Patients with ≥ 3 ANs at baseline in a Phase II adalimumab trial for HS were included for analysis. HiSCR achievers vs. nonachievers were assessed at week 16 and week 52. Criteria measures included physician-rated assessments [Hurley stage, modified Sartorius score (MSS), and HS Physician's Global Assessment] and patient-reported outcomes (PROs: visual analogue pain scale, Dermatology Life Quality Index, and Work Productivity and Activity Impairment questionnaire). Test-retest reliability, convergent validity, responsiveness and predictive validity of HiSCR, and its meaningfulness to patients were assessed.
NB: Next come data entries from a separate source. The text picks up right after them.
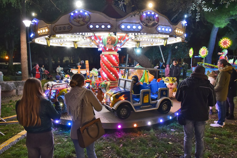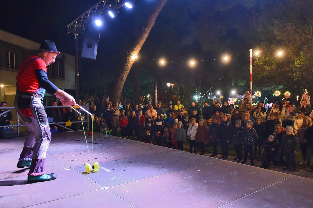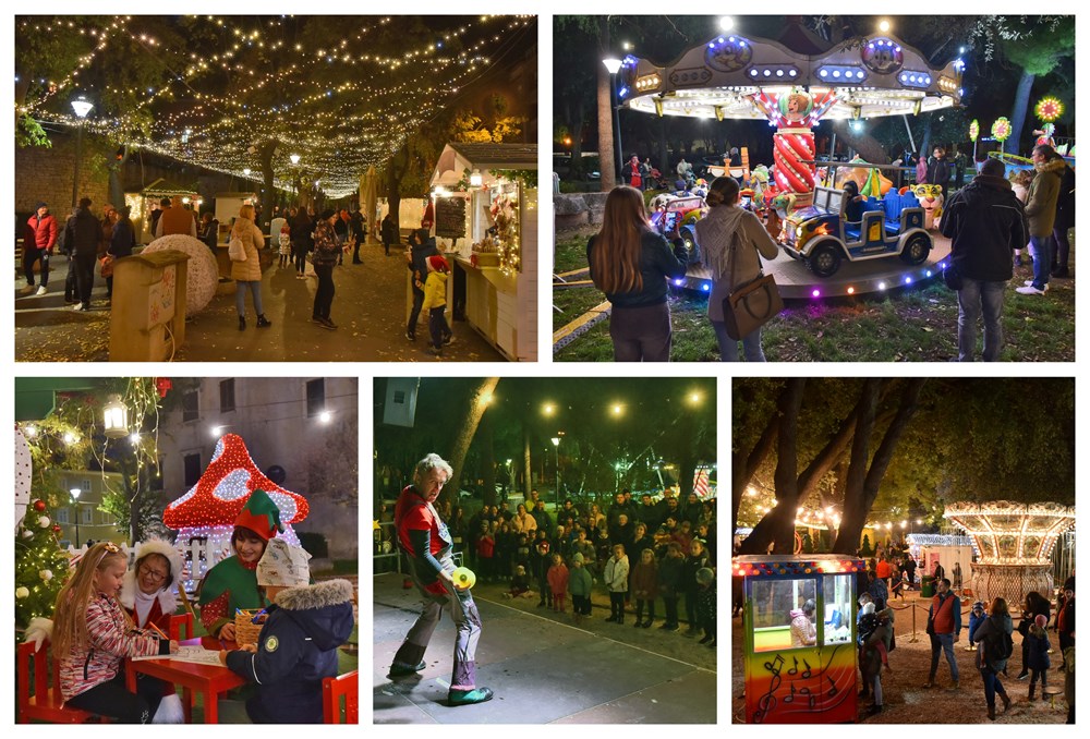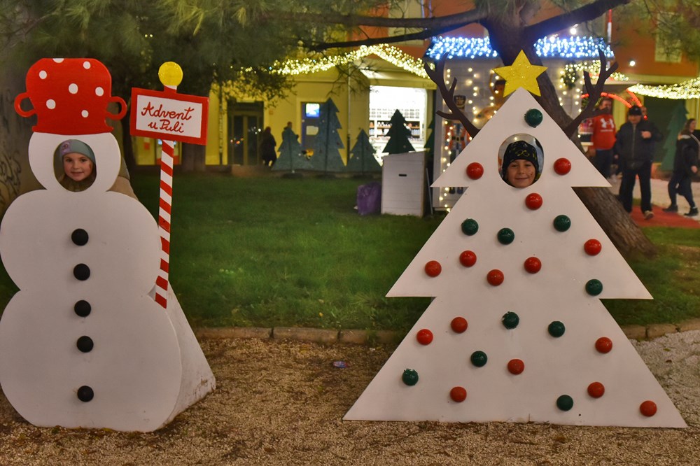 Nakon duge i zamorne ljetne sezone, Puležani će od odsad pa sve do 8. siječnja moći uživati u čarima Adventa u Puli * Na početku večernjeg programa jučer je najživlje bilo u Parku grada Graza gdje je sve prilagođeno najmlađima. Tu su vrtuljci, trampolini i vlakići, a djecu i roditelje pošteno su nasmijale Marekove Cirkusarije u izvedbi počasnog člana udruge Čarobnjakov šešir i majstora improvizacije - Omara Ivančića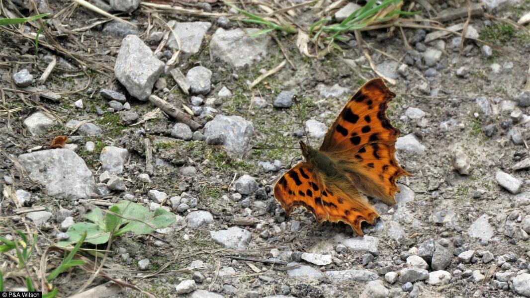 Sand Martin - 6 - 2 seen entering nest site with food near the canal Hub ; Swift - 5 ; Swallow - 1 ; 324 - 1 - Comma butterfly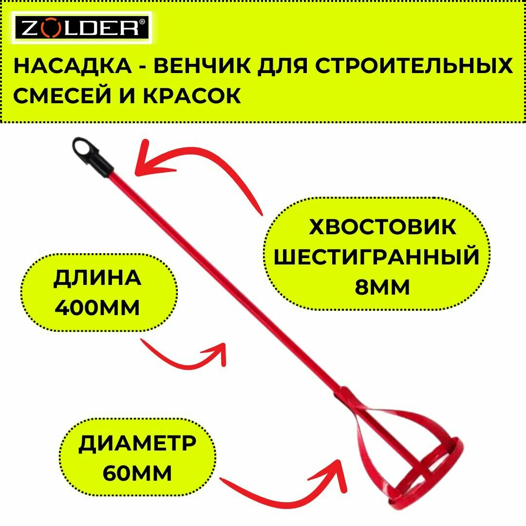 Миксер-насадка для краски и строительных смесей Zolder металлическая окрашенная 60х400мм интересное:

Among 138 eligible study participants, the majority were female (69·6%) with a mean age of 36·7 years. The mean (median) MSS was 125·2 (85·5) at baseline. Test-retest reliability of the AN count was 0·91. HiSCR was significantly correlated with improvements in all physician-rated and PRO measures (Spearman's rho between -0·61 and -0·27, all P < 0·001). Improvements of all PROs in HiSCR achievers exceeded the respective meaningful improvement thresholds.


In patients with HS with ≥ 3 ANs, HiSCR achievers had significant improvements in physician-rated and patient-reported HS disease severity and impact. HiSCR is a valid and meaningful endpoint for assessing HS treatment effectiveness in controlling inflammatory manifestations in this population.